Giving A Voice to the Dead

“You know,” said the skeleton, “that at this point I can’t actually talk.  You’re aware that this conversation is taking place in your own mind, that it’s imaginary.  The dead cannot really speak, you know, outside of the little remembered voices they leave behind in the souls of those they’ve acted upon.  I’m not talking about voices we imagine we can hear after reading a hagiography of a guy like Gandhi, you know, the Mahatma, the Great Souled myth man, I’m talking about the remembered voices the actual man left in the minds of those two nieces he slept with naked to prove he was finally beyond sexual desire.”  

Whoa, slow down there, bonester.

“There’s a darling I look forward to watching bleed to death on the editing room floor,” said the skeleton.  “This dialogue you are engaged in with me now, you are aware that you are creating it?”  

Well, I could hardly not be aware of it, as you know if you think about it for even a second.  

“Human memory is a famously feeble and selective thing.  What I think you’re trying to do is construct a healthy dynamic where we could have actually had the conversations you are trying to have with me now.”

We are just now capable of having the conversations you wished for as you were dying, you might say.  If we’d started fresh that next morning in the hospital after our long chat, with another chance to have a real exchange, and the day after that, I think the realizations you were struggling toward would have become more than the irreconcilable regrets and self-lacerating apologies you expressed as you tried to explain your life to me during that last night of it.  

“Well, I don’t know about that.  I would have liked a few more chances to actually exchange ideas, you know, but at that point, it was a bit late in the game for me.  It’s hard to die knowing how badly you’ve bungled key things that people with any shred of human insight know to do naturally.  I was lying there thinking of all the damage I’d done to the people I loved, and it all seemed senseless to me, my entire embattled life, a great waste of the potential I didn’t even know I had until I got into the Army.”  

Exactly why I am struggling to put these things together now.  I can feel the end beginning to reach for me and I need to say the things I haven’t managed to say, in this little hiatus before the segment ends and the beaming little cartoon pig stutters “th-th-th-that’s all, folks!”.  I remember laughing off my sister’s concerns about turning forty, almost twenty years ago, whew.  I told her how the numbers are just milestones, arbitrary round milestones.  Yet now that my sixtieth birthday is advancing towards me on rocket-powered skates I’m feeling those six decades.  At sixty you actually begin to think in terms of decades.  Literally, decades, ten year chunks of a life gone by, seen in the rear-view mirror of life.  And as the cliche has it– they rush by in those chunks.  A blink ago I was forty, still thinking I had a lot of time.  Now I am aware of the time I no longer have.

“That’s the nature of this ‘merciless arrangement’ as Joseph Conrad had it– go look it up, Elie, it will make you sound smart, google will give you the actual quote in five seconds.  ‘Droll thing life is– that mysterious arrangement of merciless logic for a futile purpose.  The most you can hope from it is some knowledge of yourself– that comes too late– a crop of inextinquishable regrets.’  There you go, the old Polack could really string the words together, n’est-ce pas?”

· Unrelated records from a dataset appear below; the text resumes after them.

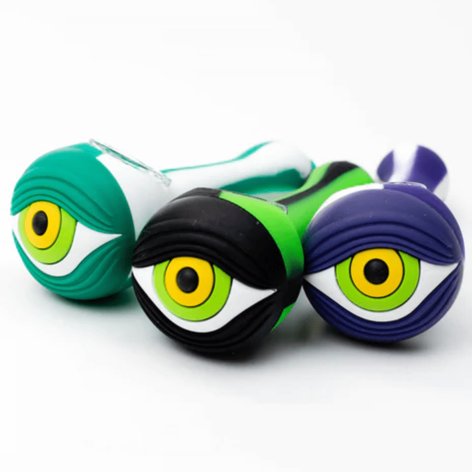 The Eye Silicone Hand Pipe w/ Glass Bowl is perfect for those who are tired of cracking and breaking their hand pipes. This pipe features a meshed glass bowl while the rest of the pipe is 100% silicone. This pipe also features a monster eye design so you can smoke in style! If you're looking for a durable hand pipe in you're in the right place!
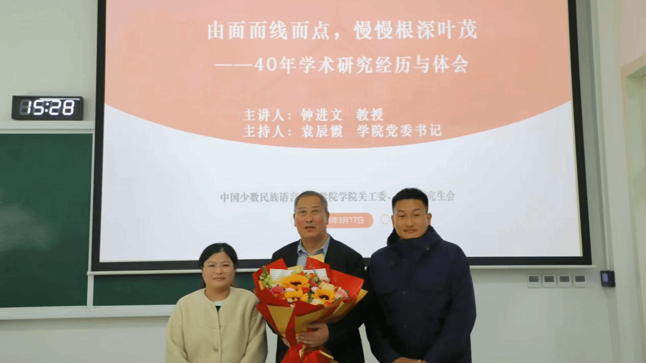 如今,即使已经卸下院长职务,钟进文老师守护民族文化根脉的初心,40年如一日,坚如磐石。他凭借深厚的学术积淀,通过讲座、论文,孜孜不倦地弘扬中华优秀传统文化;他引经据典,用鲜活的故事,深入浅出地阐述各民族文学中蕴含的中华民族精神,揭示其思想内涵与时代价值。他也将继续在教学岗位上,以其对学问的赤诚、对学生的严格与关爱,引领新一代学人在“各美其美,美美与共”的道路上奋进,书写属于他们的精彩答卷。
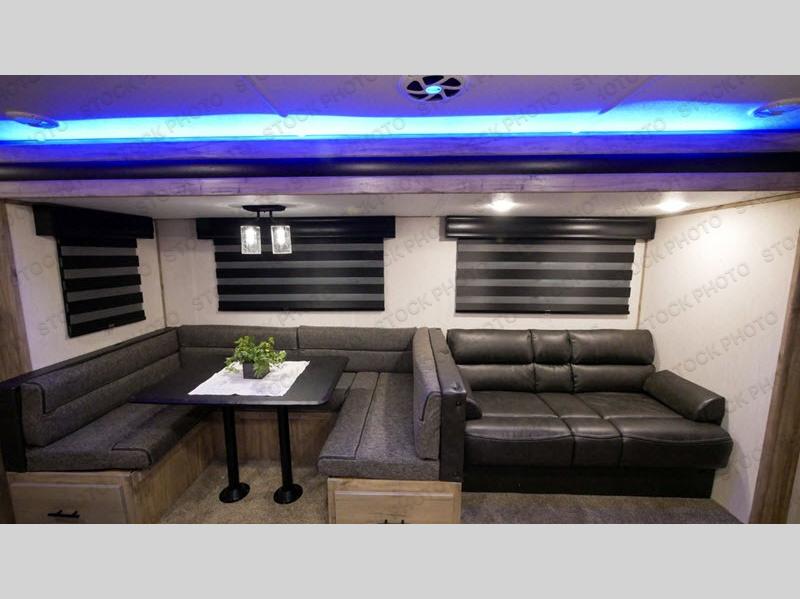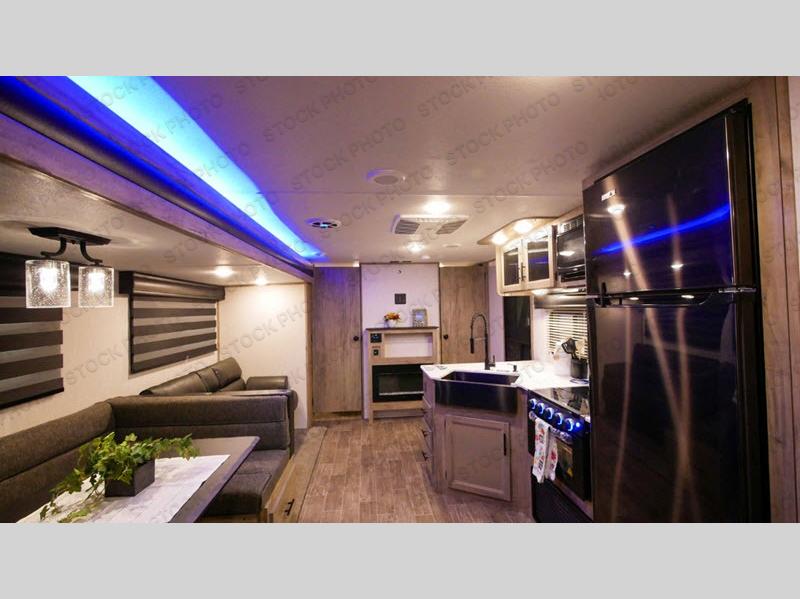 Spend your weekends with the whole family in the most popular multi-sleeper with this travel trailer! The dual entry doors make for a smooth flow of traffic in and out of the unit, plus one of the doors leads directly into the rear corner bathroom so you can get back to playing outdoors fast. The oversized U-shaped dinette is big enough for everyone to gather around at meal times and to play games. If mother nature is raining on your parade then you can relax on the jackknife sofa and enjoy the electric fireplace, just grab a snack from the large pantry and a drink from the 12V residential refrigerator.. If you're feeling brave then you can head outdoors and watch the rain poor down as you stay protected underneath the oversized 20' awning, plus there is a deluxe outside kitchen for you to cook while you watch the kids play when the sun is shining!

Fuck, he could have written those words for you, dad.

Do you remember, when you turned sixty mom had me make an invitation to your party, which was in the back yard on 190th Street?  I made collages from old photos, you at all different ages, your head on cartoon bodies.  I had a drawing of mom, with her beaming photographed face as the head, holding you like a struggling puppy, with your face from an old photo.   You stood nearby in an army uniform, with an 8 mm camera to your eye, filming the goings on, the several variations of you I had cavorting on the card.  You remember that?

“Yeah, it was a great invitation.  You had me saying ‘be there or be square’ and the RSVP card had several boxes to check; I’ll be delighted to attend, I’ll attend but I won’t be delighted, I won’t be there, please take my name off your mailing list.  Funny shit, my man.  You did have a sense of humor back then.”

Well, we grow out of these things, dad.  Now I’m serious as one of these undiagnosed cancers that are slyly nipping at me.  

“Why don’t you make an appointment with a fucking dermatologist?  Didn’t I also have several of them removed from my nose, while I was dying of the liver cancer they first diagnosed six days before I died?  Don’t fuck around with this.”  

You’re right, and it’s a long story, and there’s no excuse, even though there’s a complicated and aggravating reason I haven’t been able to make the appointment the last few months.  But, anyway, I have to wrap up here for the moment, I missed a call from your grand-daughter, we’ve been playing phone tag, and I want to get back to her.

“What’s that little redhead up to?” asked the skeleton with a smile.

“She texted me just now: Omg completely forgot to call yesterday don’t kill me :(((“

“Tell her you’re sorry you got her text a moment too late, fuck, if only she’d texted you a few hours earlier.  Tell her that the hit men are already on the way.  Hasta la vista, man.  Back to my dirt nap.”